**How to complete this task**
Pictures in the data below are not part of the copy; transcribe everything else exactly.

***** Source records *****

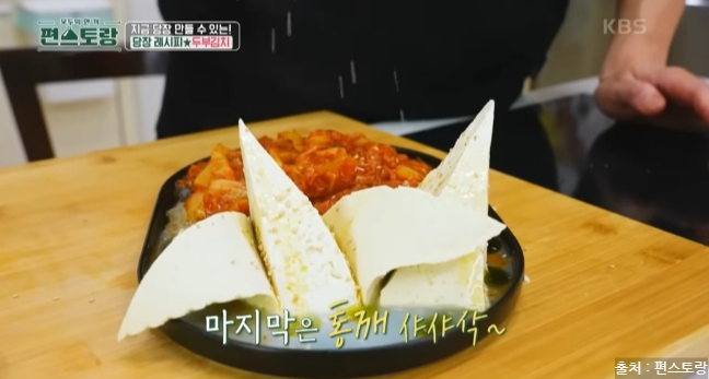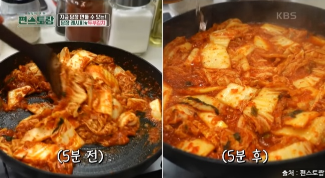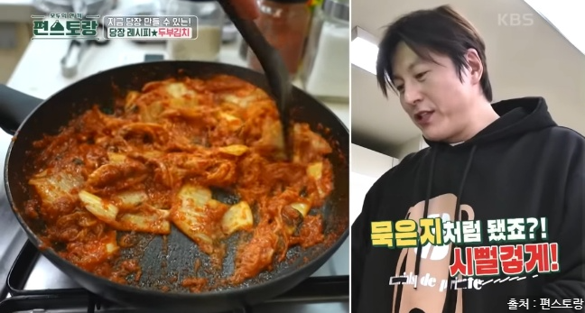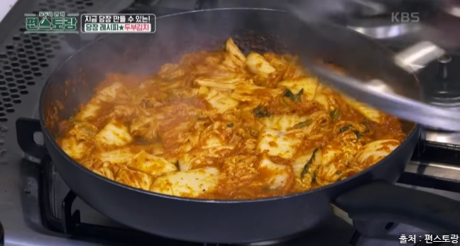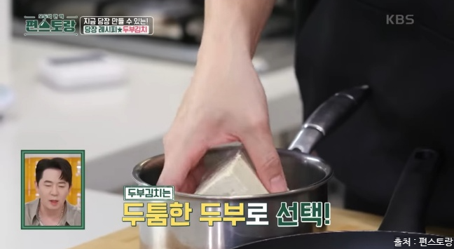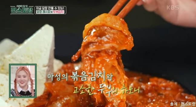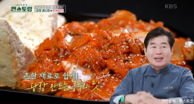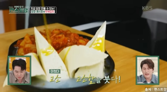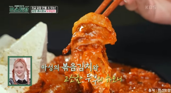 편스토랑에서 두부김치 레시피를 소개했는데요. 두부김치는 집 냉장고에 하나쯤은 남아있는 두부와 한국인이라면 냉장고에 있는 필수 아이템 김치로 맛있게 만들 수 있는 요리입니다. 김치는 발효과정을 거쳐 유산균이 풍부하고 각종 비타민, 미네랄은 면역 체계를 강화시킵니다. 다양한 항산화 성분이 포함되어 있으며 김치는 혈중 콜레스테롤 수치를 낮추는데 도움을 줍니다. 두부도 좋은 효능이 많은데요. 두부는 고단백 식품으로 칼슘과 마그네슘이 풍부하게 들어 있어 뼈 건강을 유지하고 골다공증 예방에 도움을 줍니다. 두부는 저칼로리 식품으로 포만감을 주면서 칼로리가 낮아 다이어트에 도움이 됩니다. 두부는 쉽게 소화되어 위에 부담을 주지 않아 소화 장애가 있는 사람들에게도 좋습니다. 이렇게 몸에 좋은 김치와 두부가 만나 맛있는 야식으로 탄생한 두부김치! 두부김치 레피시를 당장 만나러 가볼게요.
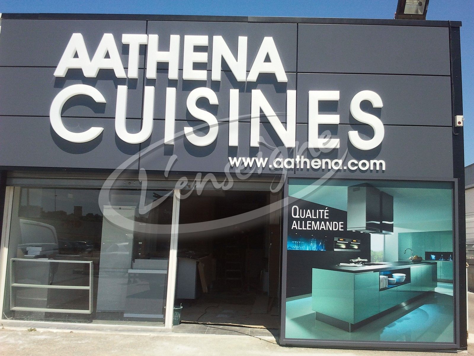 La societé L'ENSEIGNE a réalisé la fabrication et l'installation d'un habillage de façade chez ce cuisiniste à Istres.
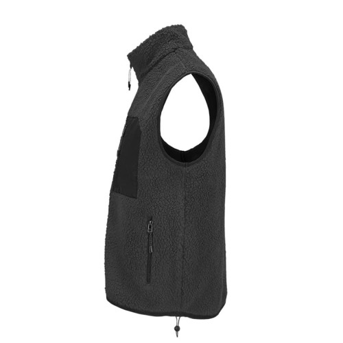 Жилет унисекс из искусственного меха шерпа с карманами на молнии: 1 нагрудным из таслана для нанесения логотипа и 2 боковыми. Черные пуллеры на молниях со светоотражающими элементами.,Слегка удлиненная спинка.,Эластичный шнурок по низу изделия.,
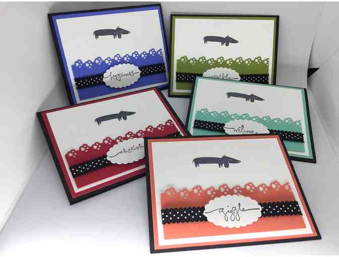 This very cute set of 5 dog themed cards includes envelopes and each card is unique! Hand crafted in Colorado Springs by a NMDR volunteer, the cards will be shipped directly to you.
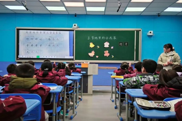 低年级课堂上,童趣与诗意相映成趣,让语文学习扎根生活土壤。一年级的《雪地里的小画家》成为老师们挥洒创意的舞台。
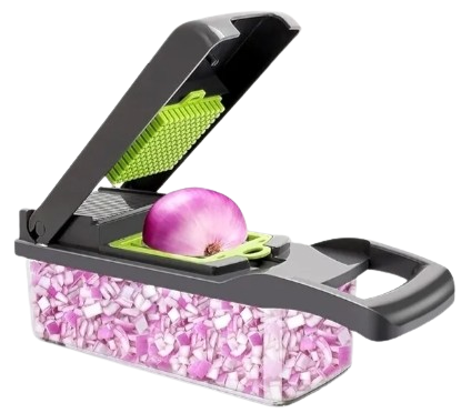 The Vegetable Chopper is a fast and efficient kitchen tool designed to simplify meal prep. It features sharp stainless steel blades that quickly dice, slice, and chop a variety of vegetables. With a simple press, it saves time and effort compared to traditional cutting. The compact design fits easily on countertops and in drawers. Its non-slip base provides stability while chopping. Made from durable, food-grade materials, it’s safe for everyday use. The removable parts are easy to clean and dishwasher safe. Ideal for busy cooks, it helps prepare salads, stir-fries, and more in seconds. A must-have gadget for a hassle-free cooking experience.

*****

**Solution for this task**
 편스토랑에서 두부김치 레시피를 소개했는데요. 두부김치는 집 냉장고에 하나쯤은 남아있는 두부와 한국인이라면 냉장고에 있는 필수 아이템 김치로 맛있게 만들 수 있는 요리입니다. 김치는 발효과정을 거쳐 유산균이 풍부하고 각종 비타민, 미네랄은 면역 체계를 강화시킵니다. 다양한 항산화 성분이 포함되어 있으며 김치는 혈중 콜레스테롤 수치를 낮추는데 도움을 줍니다. 두부도 좋은 효능이 많은데요. 두부는 고단백 식품으로 칼슘과 마그네슘이 풍부하게 들어 있어 뼈 건강을 유지하고 골다공증 예방에 도움을 줍니다. 두부는 저칼로리 식품으로 포만감을 주면서 칼로리가 낮아 다이어트에 도움이 됩니다. 두부는 쉽게 소화되어 위에 부담을 주지 않아 소화 장애가 있는 사람들에게도 좋습니다. 이렇게 몸에 좋은 김치와 두부가 만나 맛있는 야식으로 탄생한 두부김치! 두부김치 레피시를 당장 만나러 가볼게요.
 La societé L'ENSEIGNE a réalisé la fabrication et l'installation d'un habillage de façade chez ce cuisiniste à Istres.
 Жилет унисекс из искусственного меха шерпа с карманами на молнии: 1 нагрудным из таслана для нанесения логотипа и 2 боковыми. Черные пуллеры на молниях со светоотражающими элементами.,Слегка удлиненная спинка.,Эластичный шнурок по низу изделия.,
 This very cute set of 5 dog themed cards includes envelopes and each card is unique! Hand crafted in Colorado Springs by a NMDR volunteer, the cards will be shipped directly to you.
 低年级课堂上,童趣与诗意相映成趣,让语文学习扎根生活土壤。一年级的《雪地里的小画家》成为老师们挥洒创意的舞台。
 The Vegetable Chopper is a fast and efficient kitchen tool designed to simplify meal prep. It features sharp stainless steel blades that quickly dice, slice, and chop a variety of vegetables. With a simple press, it saves time and effort compared to traditional cutting. The compact design fits easily on countertops and in drawers. Its non-slip base provides stability while chopping. Made from durable, food-grade materials, it’s safe for everyday use. The removable parts are easy to clean and dishwasher safe. Ideal for busy cooks, it helps prepare salads, stir-fries, and more in seconds. A must-have gadget for a hassle-free cooking experience.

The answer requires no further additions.